## TASK GOAL
Starting at the line that contains "Le projet consistait", write out each line through the end of the data below, exactly as it stands. Skip any pictures.

## AVAILABLE DATA
↓
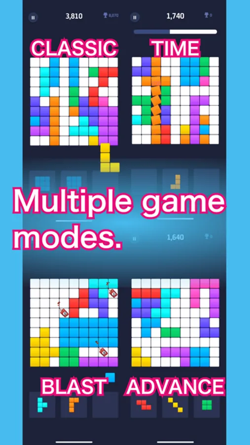 By selecting your favorite theme from multiple themes, you can change the color and shape of the blocks.
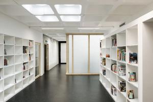 Le projet consistait en l’extension de la surface dédiée à la présentation des ouvrages, ainsi qu’à l’augmentation des surfaces de bureau et d’accueil, à la création de vestiaires pour le personnel et de sanitaires pour les visiteurs.
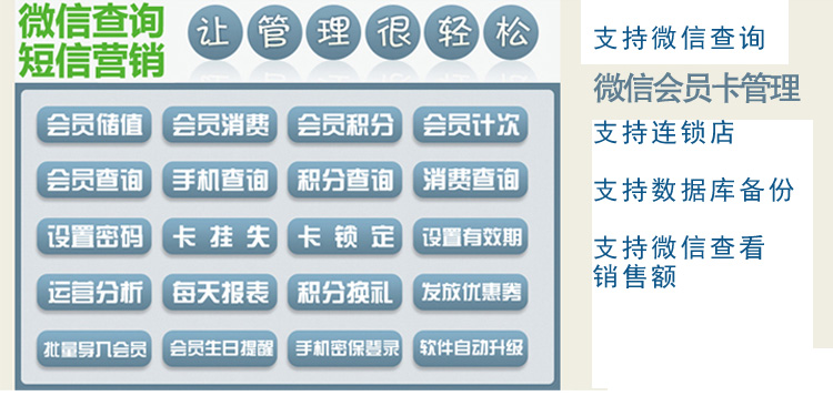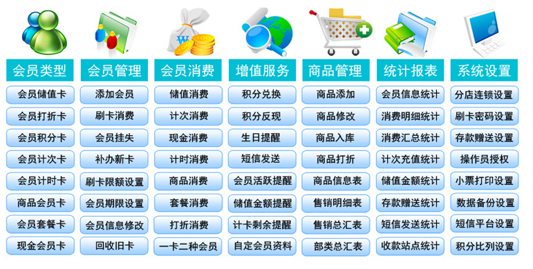 軟件可以儲值、積分、打折、計次、計時、會員管理、商品管理、商品進銷存、生日提醒、發送信息等等功能。
↑
## ANSWER FOR THE TASK
 Le projet consistait en l’extension de la surface dédiée à la présentation des ouvrages, ainsi qu’à l’augmentation des surfaces de bureau et d’accueil, à la création de vestiaires pour le personnel et de sanitaires pour les visiteurs.
 軟件可以儲值、積分、打折、計次、計時、會員管理、商品管理、商品進銷存、生日提醒、發送信息等等功能。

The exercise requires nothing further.